In deze zaak heeft het Gerechtshof Arnhem-Leeuwarden op 24 september 2024 uitspraak gedaan in hoger beroep over de uithuisplaatsing van een minderjarige, hierna te noemen [de minderjarige]. De moeder, verzoekster in hoger beroep, is het niet eens met de beslissing van de kinderrechter die op 16 mei 2024 een machtiging tot uithuisplaatsing heeft verleend. De minderjarige, geboren in 2022, staat onder toezicht van de gecertificeerde instelling (GI) Stichting Leger des Heils Jeugdbescherming & Reclassering en is sinds 16 mei 2024 geplaatst in een pleeggezin. De moeder heeft het gezag over [de minderjarige] en heeft hoger beroep ingesteld tegen de beschikking van de kinderrechter, waarin de GI de machtiging tot uithuisplaatsing is verleend.
Tijdens de mondelinge behandeling op 10 september 2024 heeft het hof de argumenten van beide partijen gehoord. De moeder verzoekt het hof om de beslissing van de kinderrechter ongedaan te maken en om de GI te bevelen onderzoek te doen naar de mogelijkheden voor haar om in [plaats1] te wonen, alsook om te bepalen dat de GI moet toewerken naar een terugplaatsing van [de minderjarige] bij haar. De GI verzet zich tegen deze verzoeken en pleit voor handhaving van de uithuisplaatsing.
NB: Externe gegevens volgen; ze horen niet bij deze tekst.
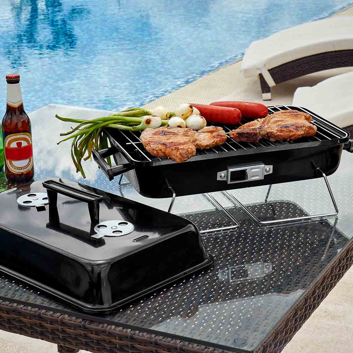 ASADOR MAKY - Asador portátil de carbón. Incluye parrilla y tapa con difusor de temperatura. Base con asas. Este producto por ser últimas piezas puede presentar alguna variación, no se aceptan devoluciones.
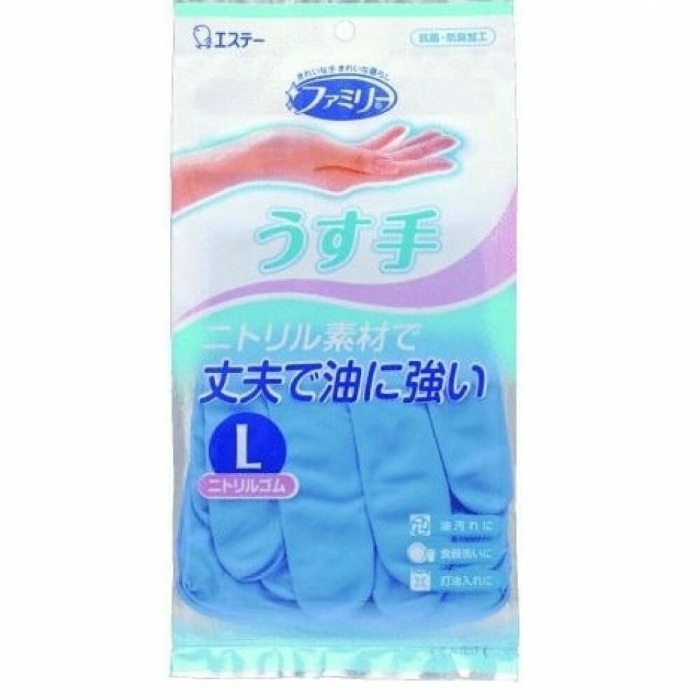 ST Family Перчатки из каучука для бытовых и хозяйственных нужд тонкие с антибактериальным покрытием размер L Голубые
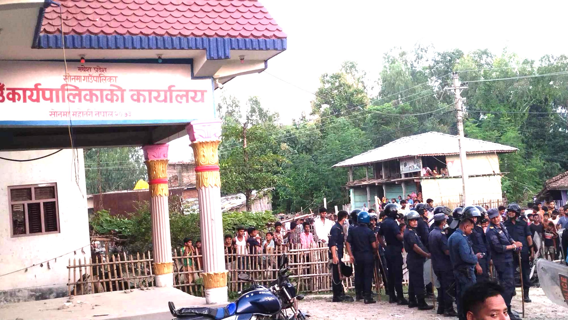 आक्रोसित विद्यार्थीहरुको समुहले गाउँपालिकामा ढुंगा मुढा प्रहार गर्दा गाउँपालिकाको झयालको सिसा फुटेका छन भने ,गाउँपालिका अध्यक्ष यादव चढने गाडी मधेश प्रदेश ०२,००१ झ ०२२९ नम्बरको गाडीको सिसा,त्यस्तै ज ११प३९६६ नम्बरको मोटरसाइकल र नम्बर न खुलेको एउटा अर्को मोटरसाइकलमा अगजनी गर्दा दुवै मोटरसाइकल जलेर पुणर्रुपले क्षति भएको छ । विद्यार्थीहरुको अवस्थालाइ नियन्त्रणमा लिन सोनमा गाउँपालिकामा रहेको शस्सत्र प्रहरी ,जनपत प्रहरी, गाौशाला न पा मा रहेको राम नगर शस्सत्र प्रहरी र गौशला इलाका प्रहरी कार्यालयका प्रहरीहरुलाइ खटाइएको थियो । प्रहरीले अबस्था नियन्त्रणमा लिन एक दर्जन भन्दा बढी राउन्ड अश्रुग्यास प्रहार गर्नुको साथै त्यहाँ उपस्थित दर्जनौ विद्यार्थी र स्थानियहरुलाई कुटपिट समेत गरेका छन ।
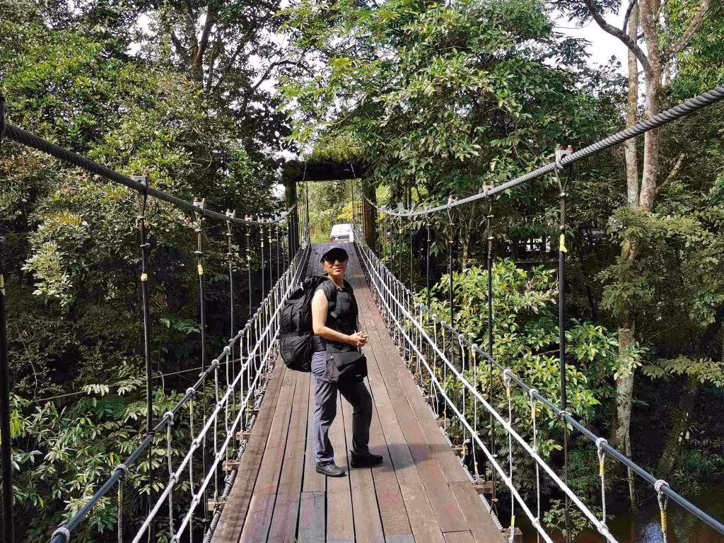 We had breakfast “à la carte” at our hotel’s restaurant. Before leaving our hotel for the airport, we deposited our snorkeling equipment at their luggage room as we planned in stay at the same hotel upon our return from Mulu. We had no difficulty securing a Grab ride to the airport. Our 30 mins flight was sparsely occupied with less than 16 passengers. Surprisingly, the flight attendants managed to hand-out packaged snacks and water bottles. After retrieving our backpacks, we jumped into a local lady’s small car for a short ride to the park’s headquarter. After confirming and paying for our 5 night stay and 6 guided activities, we walked over to our comfortable Garden House for an afternoon rest. We had opted to stay in an accommodation within the park’s boundary. If we had benefited from an heftier budget, we could have booked a room at the Marriott Resort just outside the park limit. It rained heavily in the late afternoon so we were convinced our planned Night Walk activity would be canceled. Unsurprisingly, the rain stopped and we had an early dinner at the park’s cafe. Only one other guest joined us at 7pm for our 2 hour guided Night Walk. Throughout our walk along a boardwalk trail, our guide expertly pointed out to us numerous frogs and insects – these animals are typically difficult to see during the day. We were pleased to note that our phone’s cellular reception was quite good thanks to the roaming service associated with our Singapore sims.

Het hof heeft de stukken en de argumenten van beide partijen zorgvuldig overwogen. Het hof concludeert dat de kinderrechter terecht heeft geoordeeld dat de uithuisplaatsing van [de minderjarige] noodzakelijk is voor haar verzorging en opvoeding. De moeder heeft in het verleden niet voldaan aan de afspraken die zijn gemaakt voor de terugplaatsing van [de minderjarige], wat heeft geleid tot de huidige situatie. Het hof bekrachtigt daarom de beschikking van de kinderrechter en wijst de verzoeken van de moeder af, met de opmerking dat er gewerkt moet worden aan een toekomst waarin de moeder weer in staat is om voor [de minderjarige] te zorgen.